Refers to the trading suspension measures taken by the exchange to control risks when the stock index fluctuation reaches the prescribed melting point. Specifically, it is a mechanism to set a fuse price for the contract before the contract reaches the price limit, so that the contract trading quotation can only be traded within this price range for a period of time.

20 15, 15, Shanghai Stock Exchange, Shenzhen Stock Exchange and CICC officially issued the relevant regulations on index fuse. The benchmark fuse index is the Shanghai and Shenzhen 300 Index, which has two thresholds of 5% and 7%. 1October 20 16 1 day officially implemented,1October 20 16 1 day suspended.

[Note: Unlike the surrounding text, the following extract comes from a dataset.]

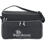 Grill and Chill set includes the essentials for a successful barbecue on the go. Metal tongs, BBQ fork and spatula are stored in a front zippered organizer pocket. Cooler bag includes a shoulder strap, insulated main compartment, and a front storage pocket. Insulated main compartment of cooler bag is perfect for transporting food to your next barbecue.

2065438+200618 October, 65438+ With the approval of China Securities Regulatory Commission, Shanghai Stock Exchange decided to suspend the implementation of the "index fuse" mechanism stipulated in Section 5 of Chapter 4 of the Trading Rules of Shanghai Stock Exchange in order to maintain the stable operation of the market.

Extended data:

Function:

1. It provides an early warning function for the trading risks in the stock index futures market, effectively preventing the sudden and serious risks.

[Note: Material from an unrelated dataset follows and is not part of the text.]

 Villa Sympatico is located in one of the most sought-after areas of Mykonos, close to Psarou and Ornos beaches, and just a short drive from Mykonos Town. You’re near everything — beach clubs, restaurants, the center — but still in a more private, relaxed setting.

According to the design of the fuse mechanism of stock index futures in China, before the market fluctuation reaches the limit of 10%, the fuse point of 6% is introduced, that is, the index point of stock index futures rises and falls by 6%, that is, in the subsequent 10 minute trading, the index quotation cannot exceed the fuse point, which not only warns the traders of stock index futures, but also warns the risk management at all levels of futures trading.

2. Win thinking time and operation time for controlling trading risks.

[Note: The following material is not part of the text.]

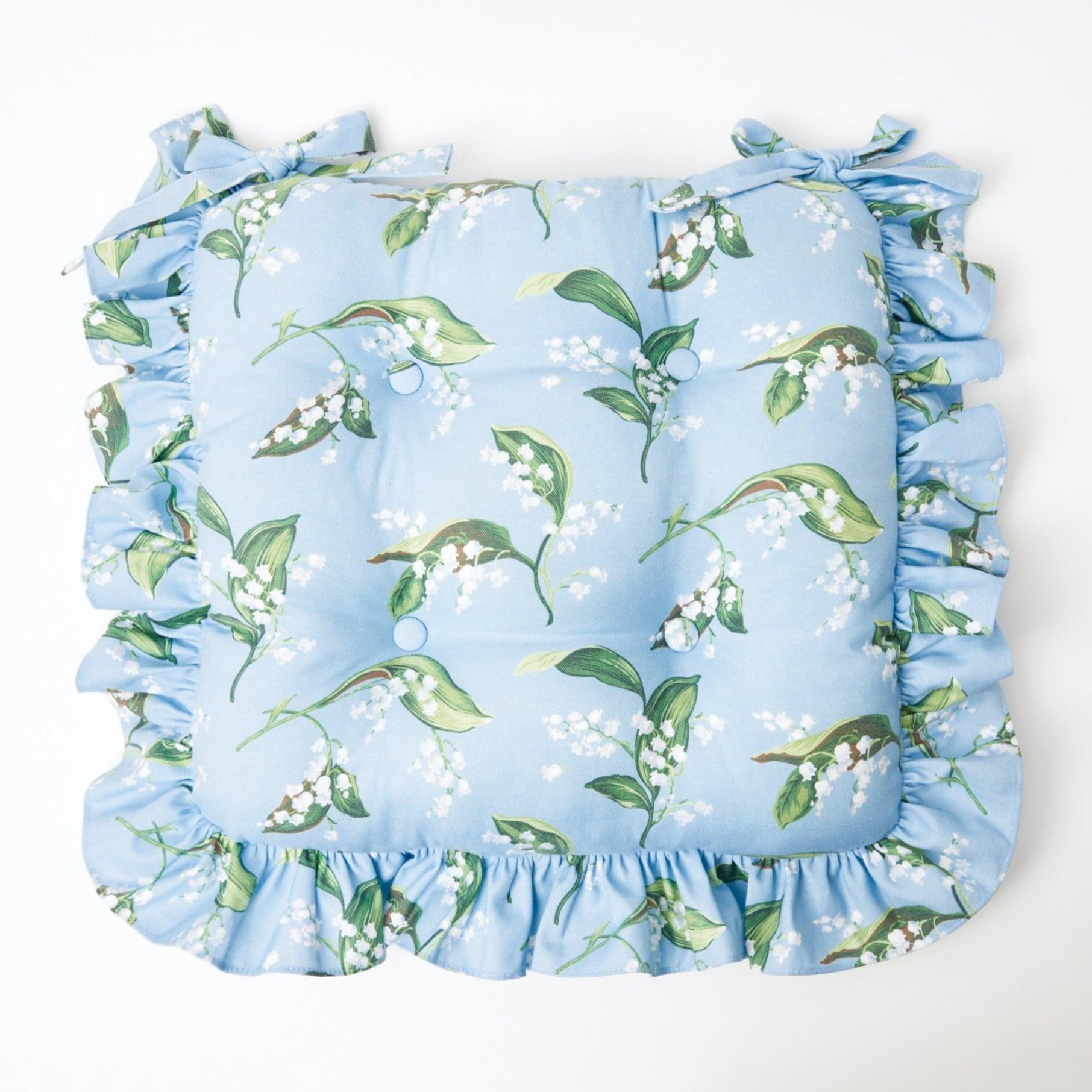 This pretty frilled seat pad cushion features our exclusive Lily Of The Valley fabric.

When the market fluctuation reaches 6% of the fuse point, there will be a trading time of 10 minute in the fuse point, which is enough for traders to have enough time to consider the risk management method after the transaction is resumed, and the exchange will allow the computer host to match the transaction under the trading instructions that reflect their own willingness to operate.

3. It is conducive to eliminating the liquidity decline caused by outdated prices in the futures market.

In the unilateral market with abnormal fluctuation of stock index futures, the normal display of the market will be delayed due to the obstruction of a large number of buying (or selling), resulting in outdated prices. At this time, the price people see is actually the last moment price, at which the transaction must not be closed;

A large number of non-trading orders continue to enter the trading system, which will cause more serious transaction congestion and make the data display more backward. The fuse cycle is 10 minute, which can eliminate the instruction blocking phenomenon of the trading system, eliminate outdated prices and ensure smooth trading.